● **Requirement**
Everything from the line with "1日に5回挑戦することができ" to the line with "EUR/HUF klesá k" in the listing below, both lines included, needs to be copied exactly, apart from the pictures.

● **Material supplied**
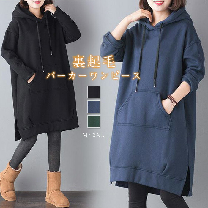パーカー ワンピース レディース 春 秋 チュニック ワンピース 微起毛 長袖 パーカー ロング丈 フード付き ワンピース チュニック丈 大きいサイズ ゆったり 体型カバー 暖か オシャレ
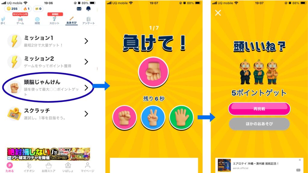 1日に5回挑戦することができ、動画視聴で5ポイント、視聴なしで2ポイントをゲットできます。
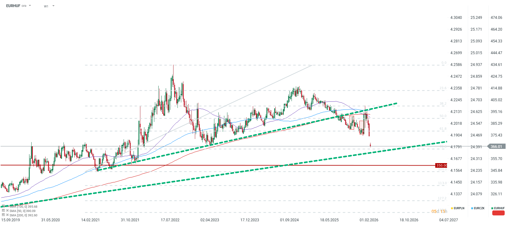 EUR/HUF klesá k úrovni 366, tedy na nejnižší hodnotu od dubna 2022. Případné další posílení forintu o 5 % by otevřelo prostor k testu úrovně 350, která nebyla vidět od září 2021. Pohyb pod 360 by zároveň znamenal prolomení 15leté rostoucí trendové linie. Zdroj: xStation5
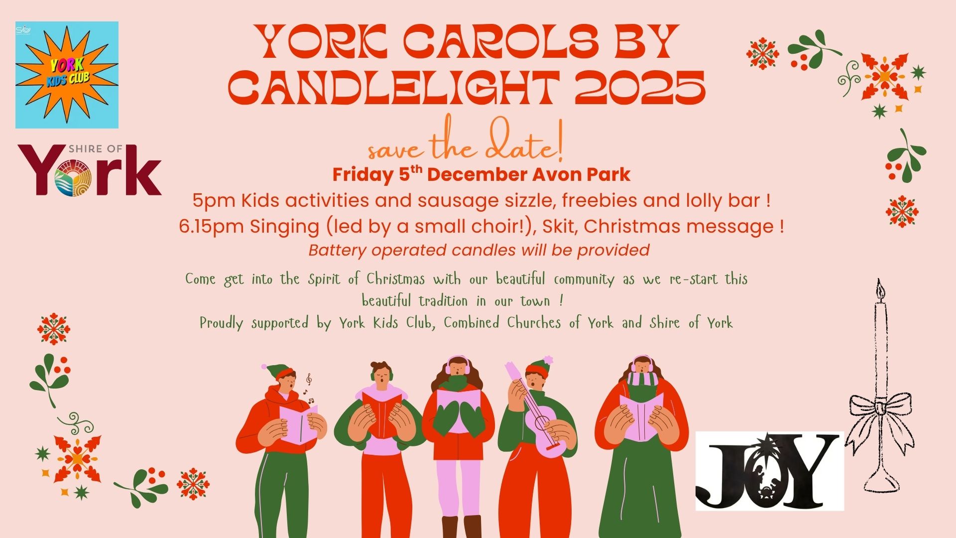 York Carols by Candlelight 2025 - Save the Date - Friday 5th December 2025 Friday 5th December 2025 Event Details Time: 5PM Location: Avon Park Venue: Avon Park Cost: Free Category: General Type: General Audience: All Ages Enquiries Organisation: York Kids Club, Combined Churches of York, Shire of York Website: https://visit.york.wa.gov.au/events/ Event Date(s) Friday 5th December 2025 Back to All Events
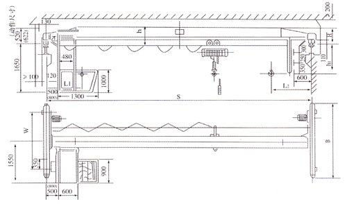 注:(1)跨度 (S)每0.5米一档,并增加19.5米,22.5米两种规格,用户可自选 (2)起重机总重包括电动葫芦自重。 (3)操纵形式分:地面与操纵室操纵。

● **Task result**
 1日に5回挑戦することができ、動画視聴で5ポイント、視聴なしで2ポイントをゲットできます。
 EUR/HUF klesá k úrovni 366, tedy na nejnižší hodnotu od dubna 2022. Případné další posílení forintu o 5 % by otevřelo prostor k testu úrovně 350, která nebyla vidět od září 2021. Pohyb pod 360 by zároveň znamenal prolomení 15leté rostoucí trendové linie. Zdroj: xStation5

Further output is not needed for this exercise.